Copy nothing but the lines from the one containing "feature 4 car" through the last line of the entries below, exactly as written and without pictures.

*MATERIAL PROVIDED*
════════════════════

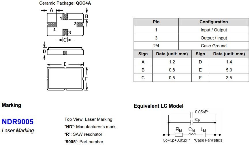 | Name: | SAW resonator | Frequency Range: | 915+-75KHz |
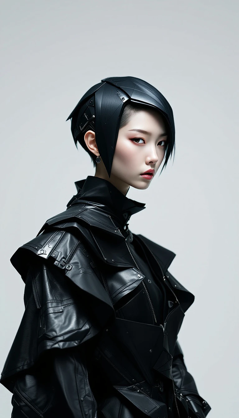A captivating and hyperrealistic portrait of a cutting-edge Japanese woman. She stands against a minimalist background, her unique style and fashion taking center stage. She wears a futuristic, layered outfit in shades of black and silver, with unexpected asymmetrical cuts and details. Her bold, geometric haircut and delicate facial features create a striking contrast. The image has a strong cyberpunk influence, with echoes of surrealism and abstract art. The focus on textures and precise details creates an immersive, almost otherworldly experience.
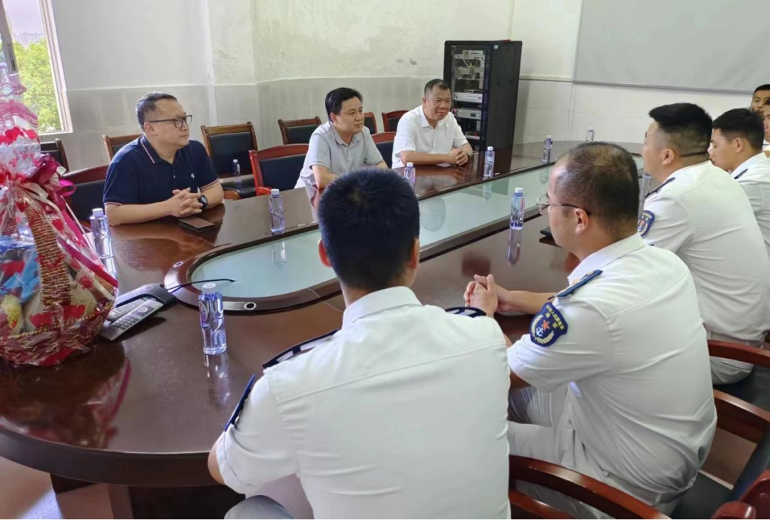 在開新海軍基地,司徒錦泉一行與部隊負(fù)責(zé)同志進(jìn)行親切座談交流,對駐地部隊官兵長期以來支持水口鎮(zhèn)經(jīng)濟(jì)社會發(fā)展、維護(hù)地方穩(wěn)定所作的貢獻(xiàn)表示感謝,并詳細(xì)了解了部隊建設(shè)、軍事訓(xùn)練和生活情況。司徒錦泉表示,當(dāng)前,水口鎮(zhèn)上下正深入學(xué)習(xí)貫徹黨的二十屆三中全會精神,全力推進(jìn)“百千萬工程”、八鎮(zhèn)聯(lián)動等工作加力提速、落地見效,希望軍地雙方持續(xù)加強(qiáng)協(xié)作溝通,繼續(xù)關(guān)心和支持水口經(jīng)濟(jì)社會發(fā)展,為水口高質(zhì)量發(fā)展和社會安全穩(wěn)定保駕護(hù)航、再立新功。駐地部隊對鎮(zhèn)黨委、政府的到訪和慰問表示感謝,表示持續(xù)增進(jìn)軍政軍民團(tuán)結(jié),合力做好新時代強(qiáng)國強(qiáng)軍事業(yè)。
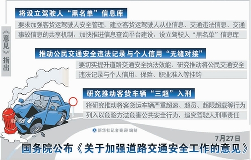 ????記者7月27日從中國政府網(wǎng)獲悉,國務(wù)院日前發(fā)布關(guān)于加強(qiáng)道路交通安全工作的意見,要求加強(qiáng)客貨運(yùn)駕駛?cè)税踩芾?,建立客貨運(yùn)駕駛?cè)藦臉I(yè)信息、交通違法信息、交通事故信息的共享機(jī)制,加快推進(jìn)信息查詢平臺(tái)建設(shè),設(shè)立駕駛?cè)恕昂诿麊巍毙畔臁R庖娭赋?,將研究推?dòng)將客貨運(yùn)車輛嚴(yán)重超速、超員、超限超載等行為列入以危險(xiǎn)方法危害公共安全行為,追究駕駛?cè)诵淌仑?zé)任。
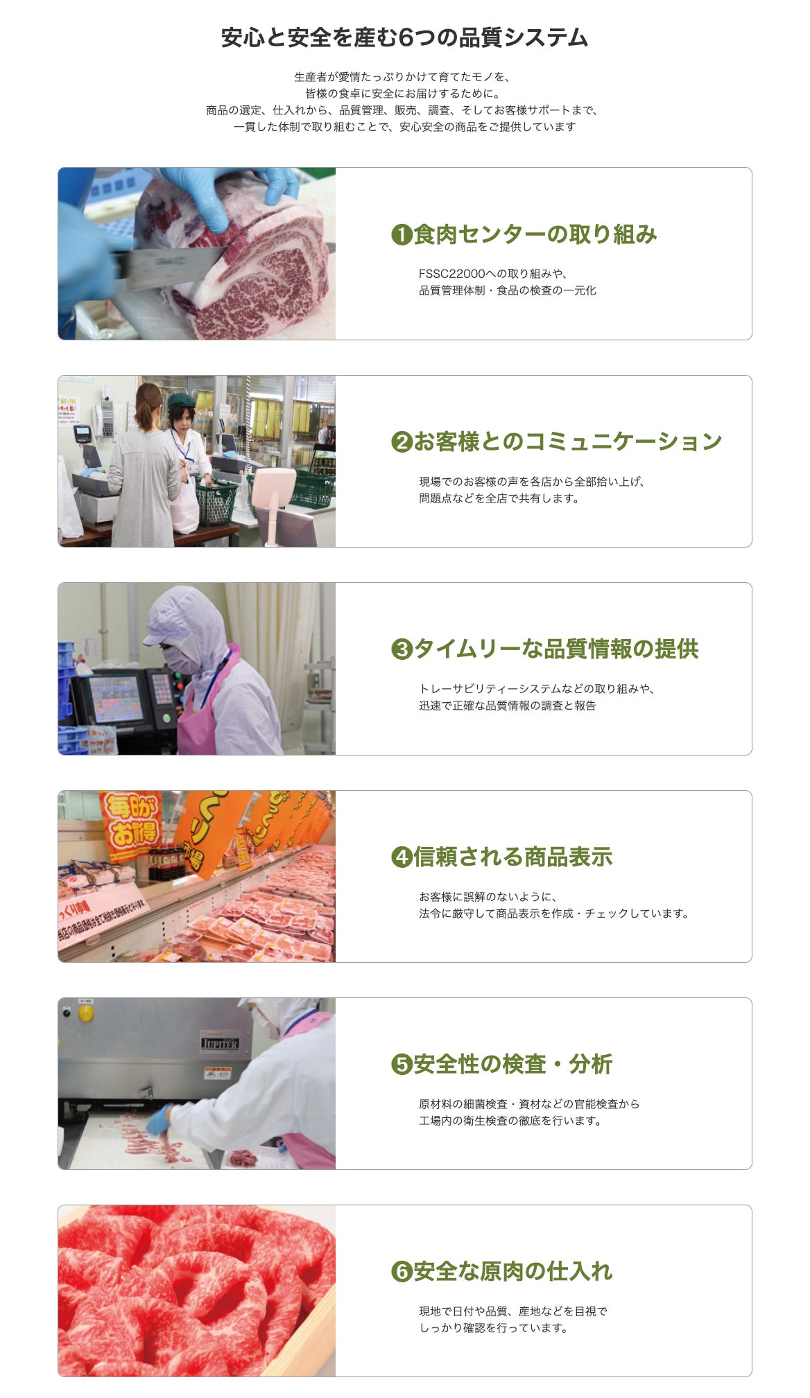 安心と安全を産む6つの品質システムを基準とし、生産者が愛情たっぷりかけて育てたモノを、皆様の食卓に安全にお届けするために。商品の選定、仕入れから、品質管理、販売、調査、そしてお客様サポートまで、一貫した体制で取り組むことで、安心安全の商品をご提供しています。
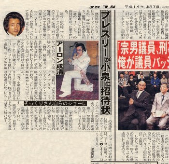 熱狂的なエルビス・プレスリーファンとして知られ、政局の混乱で目下、窮地にいる小泉首相=写真左=に2月初旬、一通のディナーショーの招待状を送った歌手がいる。 送付したのは、プレスリーのそっくりさん歌手のアーロン成清(43)24日に東京・京王プラザホテル多摩で開く自身のディナーショー「ELVIS is BACK」を控え、どうしても首相に来て、もらいたかったのだという。文面はこんな風だ。
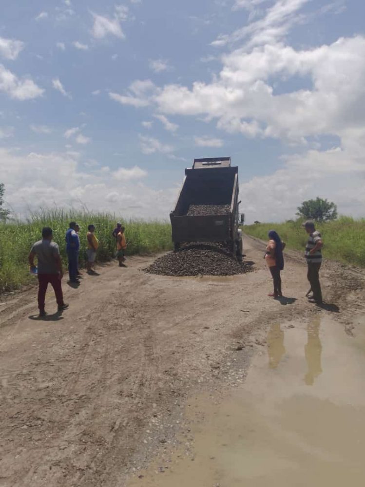Jesús Chirino y Amabilis Perezo, informaron que han comprado y gestionado el material granular para la reparación de la vía, dado a que no han recibido respuestas del ejecutivo municipal, ni regional.
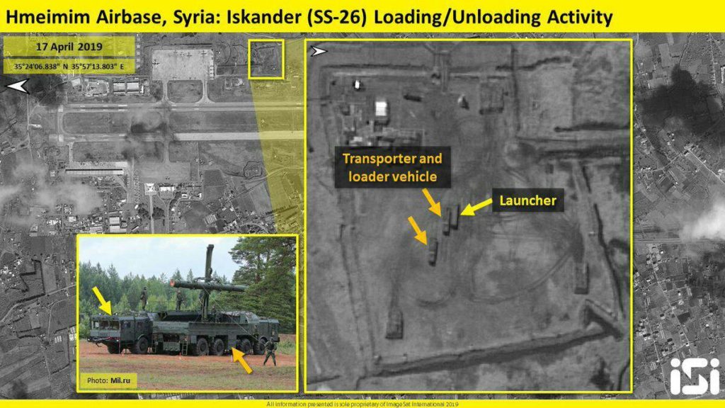 תצלום אוויר שפרסמה היום החברה הישראלית אימג’סט אינטרנשיונל – ISI חושפת כי רוסיה הציבה בבסיס חיל האוויר שלה בסוריה-“חמימים, טילים בליסטיים מדגם SS_26 איסקנדר , בעלי יכולת נשיאה של ראשי חץ גרעיניים. טילים אלו יכולים גם להיות חמושים בראשי נפץ קונבנציונליים כולל ראשים מתפצלים וראשי דלק-אוויר בעלי אפקט פיצוץ חזק במיוחד, וראשים המסוגלים לחדור לעומק האדמה ולפגוע בבונקרים מחופרים היטב וכן עם ראשים המייצרים פולס אלקטרו-מגנטי המסוגל לשתק מכשירי רדאר.
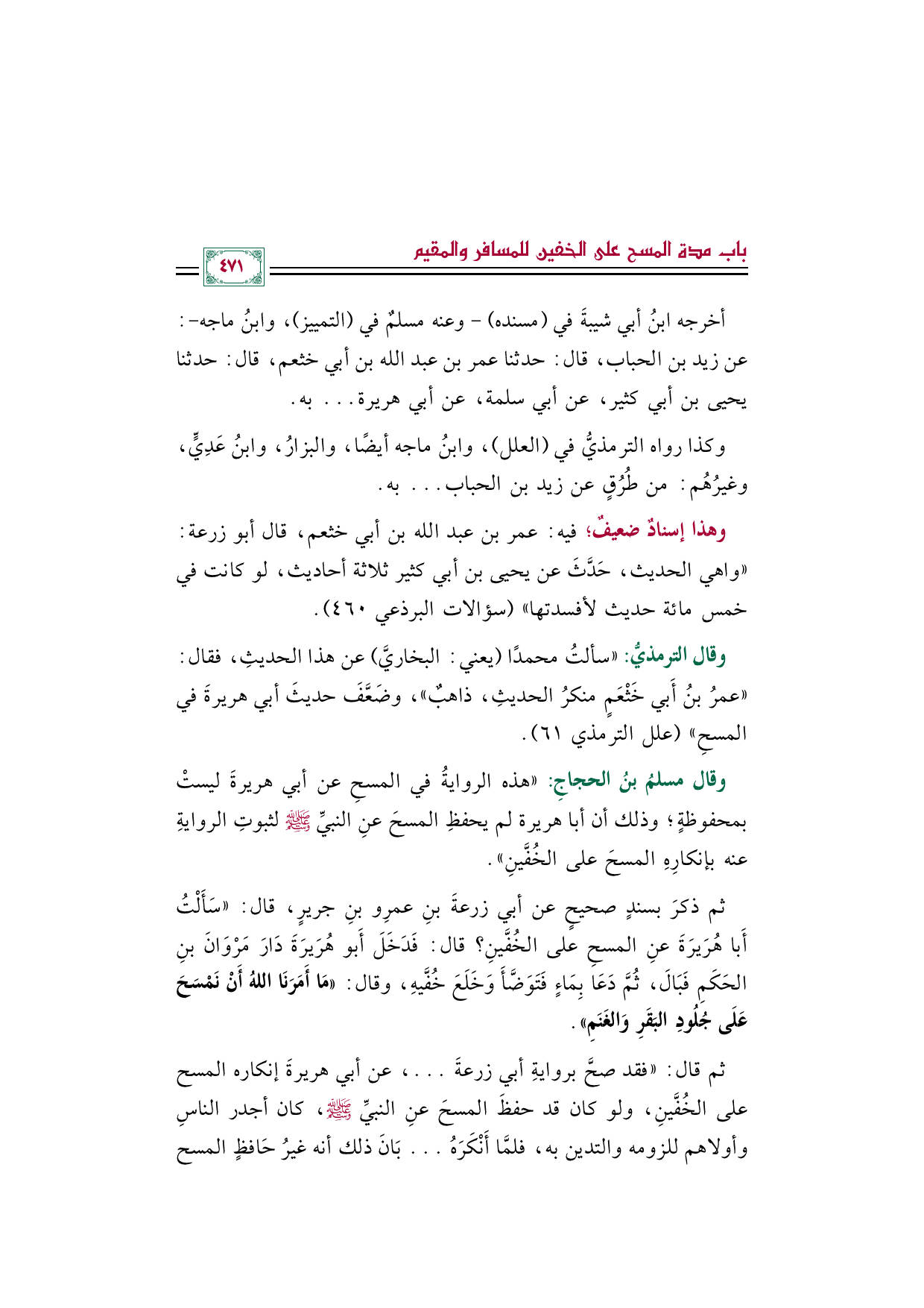 وقال الترمذيُّ: ((سألتُ محمدًا (يعني: البخاريَّ) عن هذا الحديثِ، فقال: "عمرُ بنُ أَبي خَثْعَمٍ منكرُ الحديثِ، ذاهبٌ"، وضَعَّفَ حديثَ أبي هريرةَ في المسحِ)) (علل الترمذي ٦١).
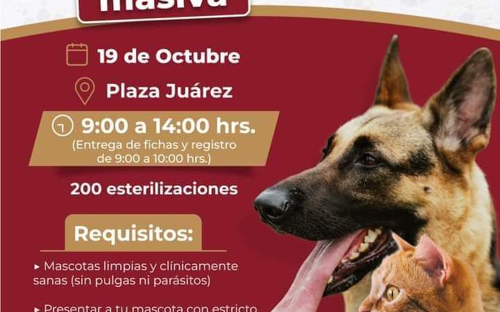 Este jueves 19 de octubre en la Plaza Juárez de Tlaxcala Capital, el Ayuntamiento que encabeza, la presidenta, Maribel Pérez Arenas, realiza jornada masiva de esterilización de Caninos y Felinos.
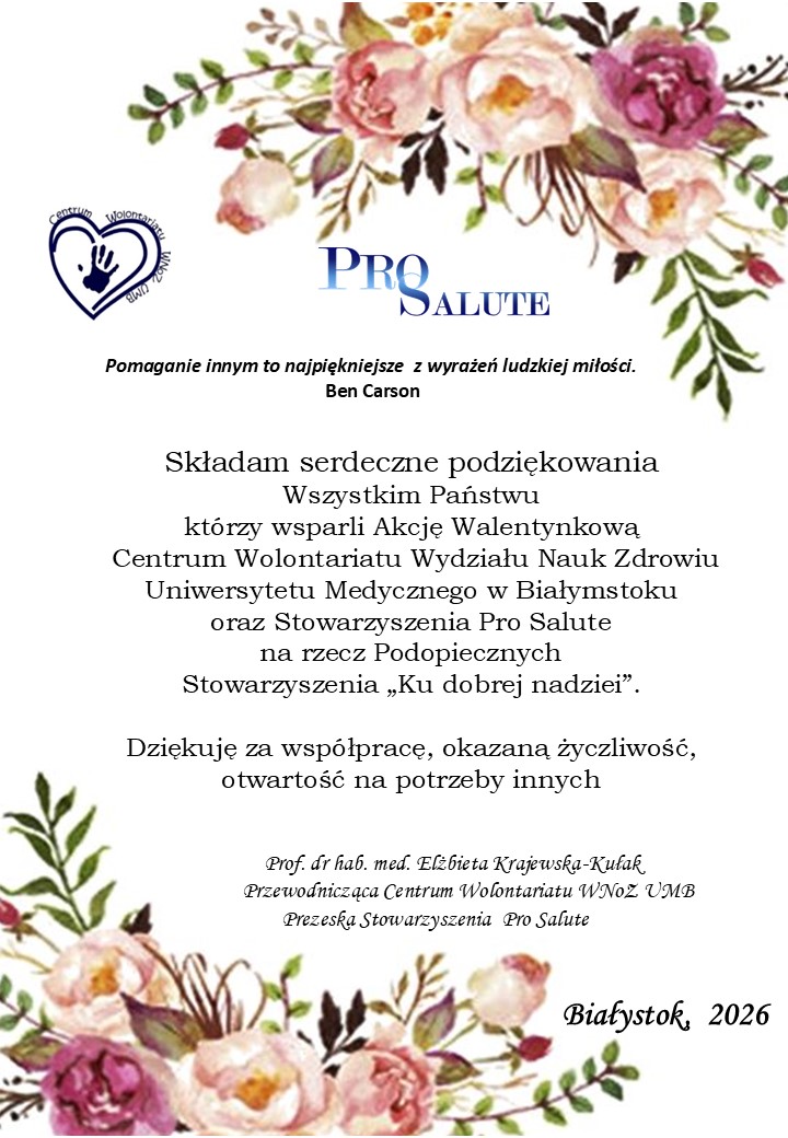 Uniwersytet Medyczny w Białymstoku. Walentynkowa Akcja Charytatywna.
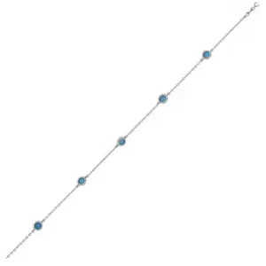 Сребърна гривна за крак с верижка с топчета и кръгла висулка с цирконии "Окото на Назар",светлосиньо
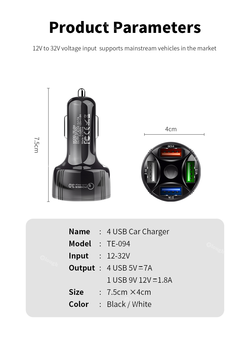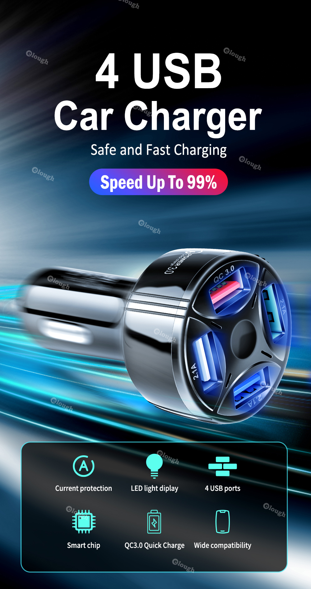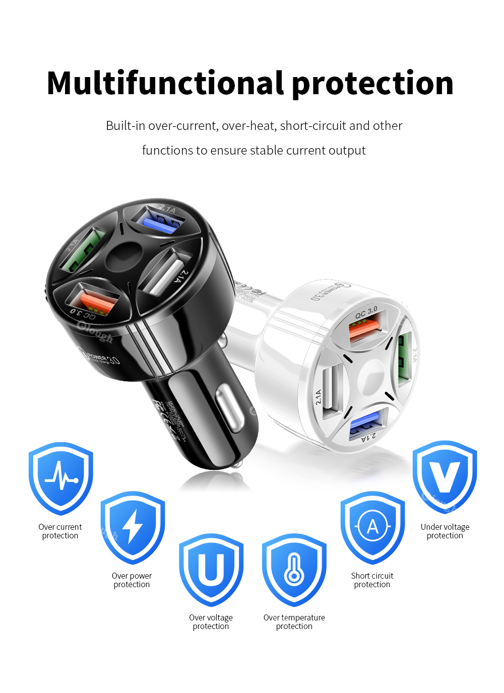 feature 4 car charger socket ,fast car charger,cargador para auto
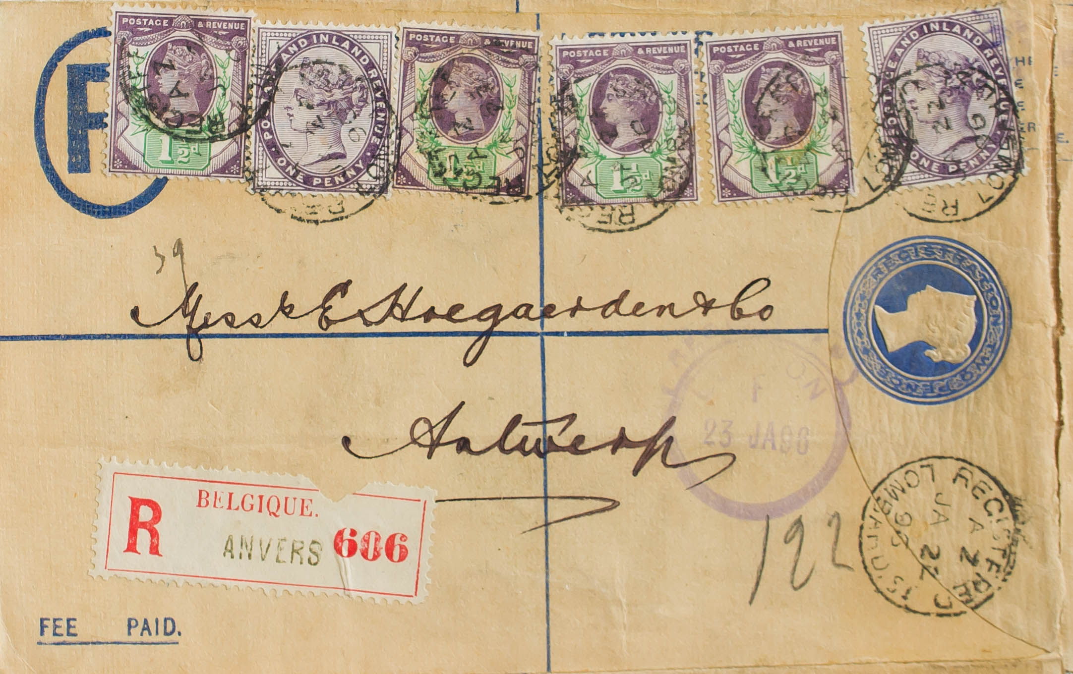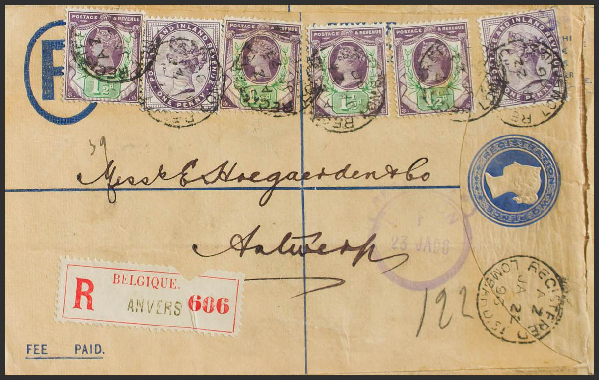 Yvert 73(2), 93(4). 1896. 2 p ultramar sobre Entero Postal Certificado de LONDRES a AMBERES (BELGICA), con franqueo complementario de 1 p violeta, dos sellos y 1 ½ p violeta y verde, cuatro sellos. Al dorso llegada. MAGNIFICA.
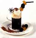 Приготовь кофе, для аромата добавь немного корицы и, если есть, тертого мускатного ореха (не переборщи). Перелей в стакан, добавь шарик ванильного мороженого, взбитые сливки, посыпь тертым шоколадом.

════════════════════

*RESPONSE FOR THIS EXERCISE*
 feature 4 car charger socket ,fast car charger,cargador para auto
 Yvert 73(2), 93(4). 1896. 2 p ultramar sobre Entero Postal Certificado de LONDRES a AMBERES (BELGICA), con franqueo complementario de 1 p violeta, dos sellos y 1 ½ p violeta y verde, cuatro sellos. Al dorso llegada. MAGNIFICA.
 Приготовь кофе, для аромата добавь немного корицы и, если есть, тертого мускатного ореха (не переборщи). Перелей в стакан, добавь шарик ванильного мороженого, взбитые сливки, посыпь тертым шоколадом.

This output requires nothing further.